◆公的年金制度のしくみ
公的年金の基本的な構造は、「基礎的な年金」と「上乗せ年金」の2階建てになっています。1階部分は国民年金(基礎年金)で、全国民共通の制度となっています。2階部分は民間サラリーマン対象の厚生年金と公務員などを対象とした共済年金があり、対象となる職業の人だけが加入します。
一般的な感覚では、民間会社に就職したら厚生年金、公務員になったら共済年金、自営業者は国民年金に加入するものだという気がします。そのとおりなのですが、実は1階部分は共通ですから、厚生年金や共済年金に加入すると特別な手続きはしなくても自動的に国民年金にも加入することになります。
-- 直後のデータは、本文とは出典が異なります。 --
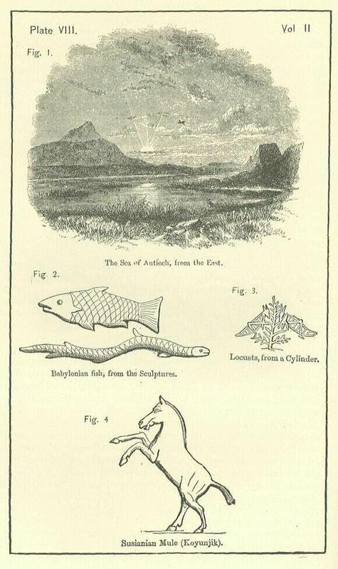 The Orontes, the great river of Assyria, rises in the Buka'a—the deep valley known to the ancients as Coele-Syria Proper—springing from a number of small brooks, which flow down from the Antilibanus range between lat. 34° 5' and lat. 34° 12'. Its most remote source is near Yunin, about seven mites N.N.E. of Baalbek. The stream flows at first N.W. by W. into the plain, on reaching which it turns at a right-angle to the northeast, and skirts the foot of the Antilibanus range as far as Lebweh, where, being joined by a larger stream from the southeast,130 it takes its direction and flows N.W. and then N. across the plain to the foot of Lebanon. Here it receives the waters of a much more abundant fountain, which wells out from the roots of that range, and is regarded by the Orientals as the true "head of the stream." Thus increased the river flows northwards for a short space, after which it turns to the northeast, and runs in a deep cleft along the base of Lebanon, pursuing this direction for 15 or 16 miles to a point beyond Ribleh, nearly in lat. 34° 30'. Here the course of the river again changes, becoming slightly west of north to the Lake of Hems (Buheiret-Hems), which is nine or ten miles below Ribleh. Issuing from the Lake of Hems about lat. 34° 43', the Orontes once more flows to the north east, and in five or six miles reaches Hems itself, which it leaves on its right bank. It then flows for twenty miles nearly due north, after which, on approaching Hama (Hamath), it makes a slight bend to the east round the foot of Jebel Erbayn, and then entering the rich pasture country of El-Ghab' runs north-west and north to the "Iron Bridge" (Jisr Hadid), in lat. 36° 11'. Its course thus far has been nearly parallel with the coast of the Mediterranean, and has lain between two ranges of mountains, the more western of which has shut it out from the sea. At Jisr Hadid the western mountains come to an end, and the Orontes, sweeping round their base, runs first west and then south-west down the broad valley of Antioch, in the midst of the most lovely scenery, to the coast, which it reaches a little above the 36th parallel, in long. 35° 55'. The course of the Orontes, exclusive of lesser windings, is about 200 miles. It is a considerable stream almost from its source. At Hamah, more than a hundred miles from its mouth, it is crossed by a bridge of thirteen arches. At Antioch it is fifty yards in width, and runs rapidly. The natives now call it the Nahr-el-Asy, or "Rebel River," either from its running in an opposite direction to all other streams of the country, or (more probably) from its violence and impetuosity.

このように、民間企業のサラリーマンは国民年金と厚生年金の2つの制度に加入していますので、受け取る年金も国民年金からの老齢基礎年金と厚生年金からの老齢厚生年金の2つになります。共済年金加入者も同じですが、共済年金から支給される老齢年金は退職共済年金という名称で呼ばれています。自営業者は2階部分の上乗せ年金がありませんので、国民年金のみの加入となり、1階部分の老齢基礎年金だけを受け取ることになります。
老齢基礎年金は、加入期間だけで年金額が決まりますが、2階部分の厚生年金や共済年金は加入期間と給与の額が年金額に反映されます。さらに共済年金には職域年金と呼ばれる加算部分があります。
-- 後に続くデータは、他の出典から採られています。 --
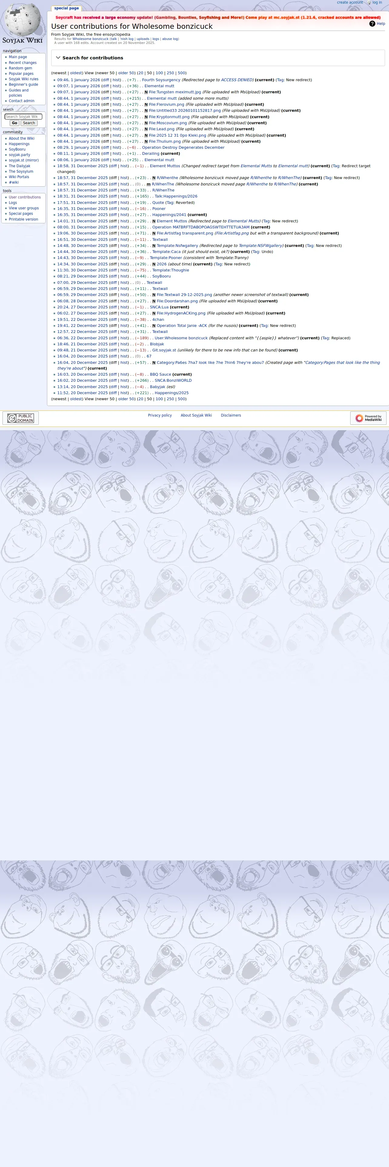 https://soyjakwiki.org:443/Special:Contributions/Wholesome_bonzicuck

こうしてみると、国民年金だけの自営業者に比べて、厚生年金に加入している民間サラリーマンは手厚い年金が支給されることになり、共済年金に加入している公務員はさらに手厚い年金がもらえる制度となっています。
公的年金は、1階部分と2階部分がセットになっていますので、老齢年金だけでなく、障害年金や遺族年金も同じ構造になっています。障害基礎年金を受けられる場合には、障害厚生年金が上乗せで受け取れるようになっています。